Letter to the editor:

I have over the decades watched many congressional hearings. The hearings about the Americans held in Iran, the McCarthy-era hearings, the Watergate hearings, and others. All have left some compelling images in my mind. Now the January 6 hearings have concluded for the summer. This hearing has been remarkably free of the grandstanding that has marked the others. I'm disheartened that so many people have opted out of listening to the hearings. How can we make good decisions if we refuse to look at what has happened and is happening in our country?

What happened at the Capitol, in my opinion, was not a sudden, new outburst ordered by former President Trump. Instead, it was the decades long simmering hostility of groups of people, many undereducated, underemployed, overtaxed, and under-represented whom Trump and his allies recognized could be melded into a bloc. By appealing to their hatred of taxes, other people than white, bosses of any kind, religions of any but their own, their love of guns, and belief in conspiracies, Trump and his allies envisioned an America where their particular form of America could be realized. And in this pursuit any means justified their ends.

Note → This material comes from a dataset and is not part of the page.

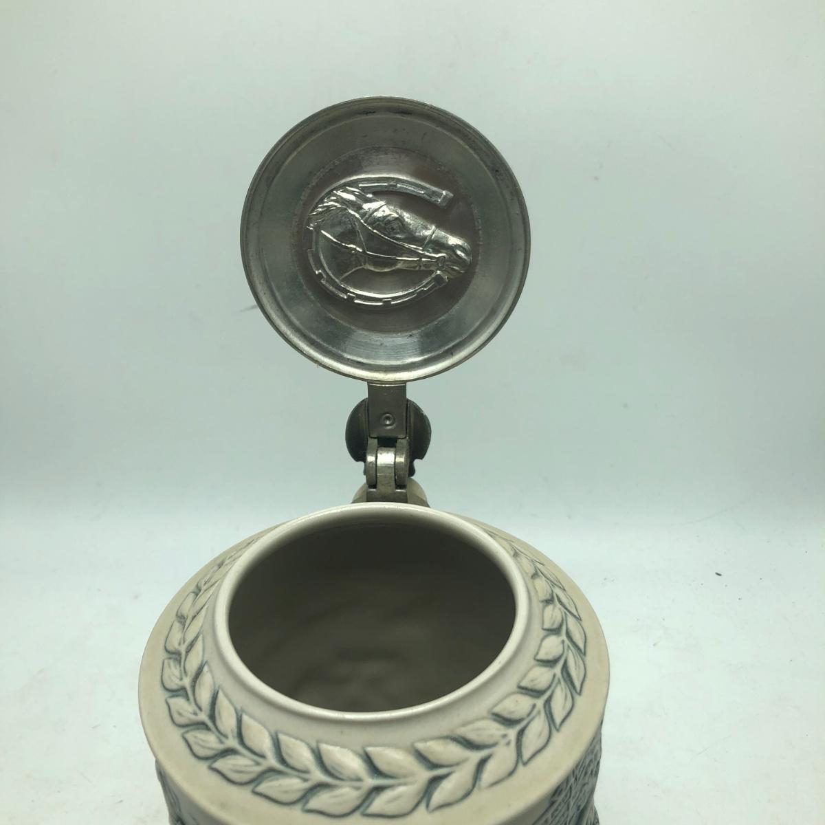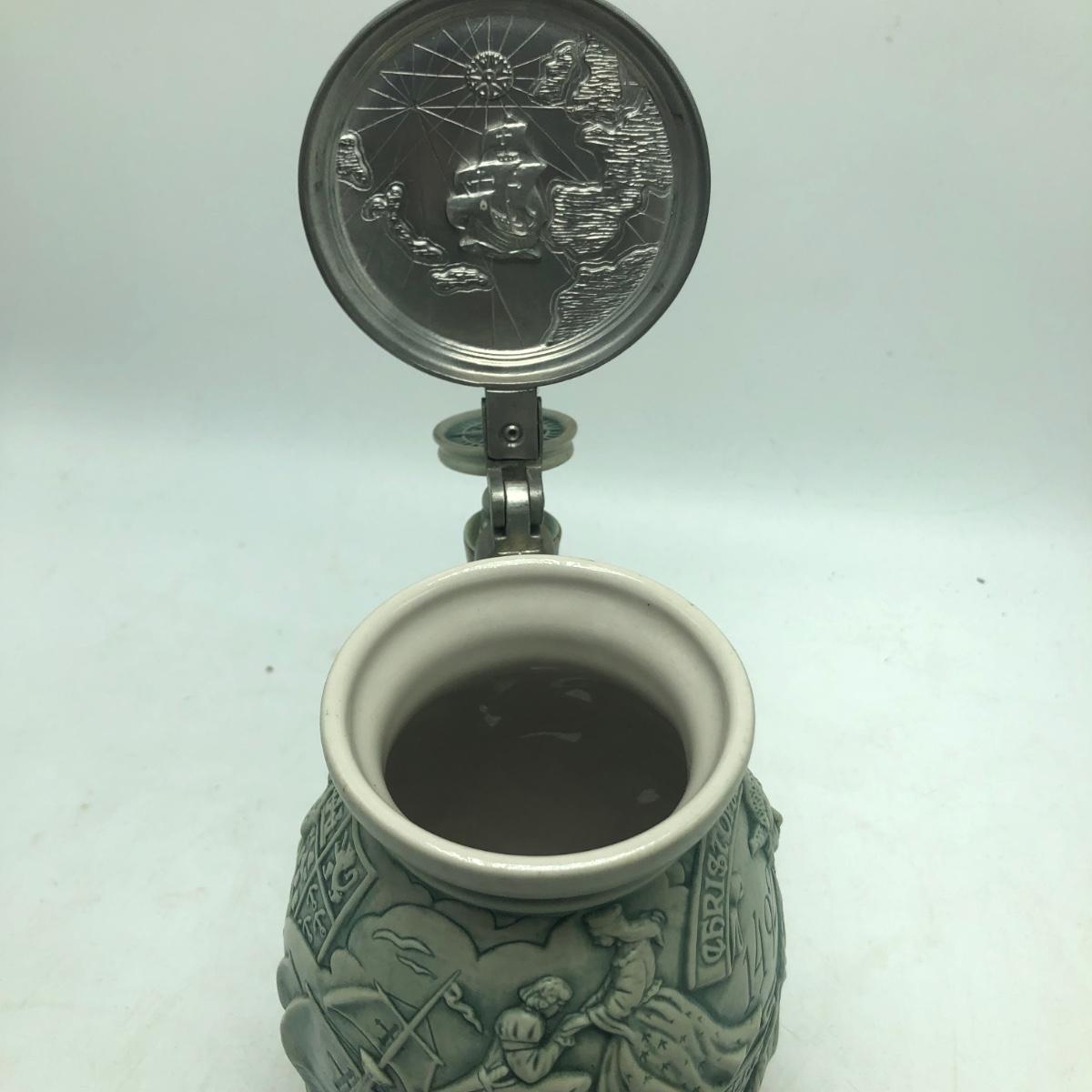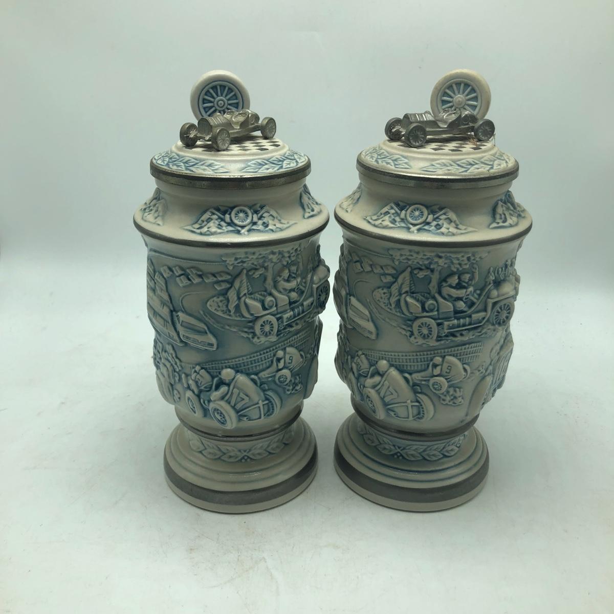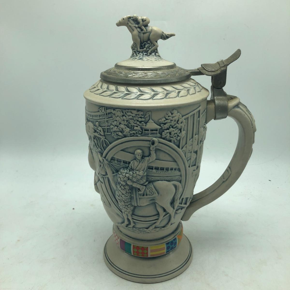 Lot includes two Avon Racing Car steins, Avon Winners Circle stein and a Avon Christopher Columbus New World stein. Largest stein measures 4” x 6” x 9.5”.

What is astounding to me is those who are smart, schooled, well off, and not obviously in the groups above going along with all the nonsense that occurred, is still occurring. Yes, they may admit, Trump was narcissistic, crude, uninformed, addicted to superlatives, a terrible speaker, okay with lying and making absurd statements, but his policies were so good for the country!

The Oklahoma bombing, the Texas standoff, all the racial conflicts, the Selma incidents and other relatively small insurrections were, I think, precursors to the Capitol invasion. Each were put down, investigated, blame assigned, convictions meted out, and pushed out of sight and thought to have been dealt with. But an idea, a movement, once born seldom dies completely. It is passed on to the next generations by the true believers who now have new resentments, new hatreds, new plots. A case in point is the neoNazis who were active immediately after WW2 and continue to this day.

What can be done is not clear. But change surely involves all parties listening to those whose ideas are not in the mainstream, involves schooling, involves churches, temples, and mosques acting up to their stated tenets, involves holding people responsible for their acts, involves responsible policing, involves giving up trying to make up for evils of the past to people who didn't live in the past, by people who also didn't live in the past, involves realizing that cities, states, and the country's purses aren't bottomless, involves facing up to the real needs of the country, involves making running for office less expensive, less dependent on big donors, involves some media restraint, involves voters who think.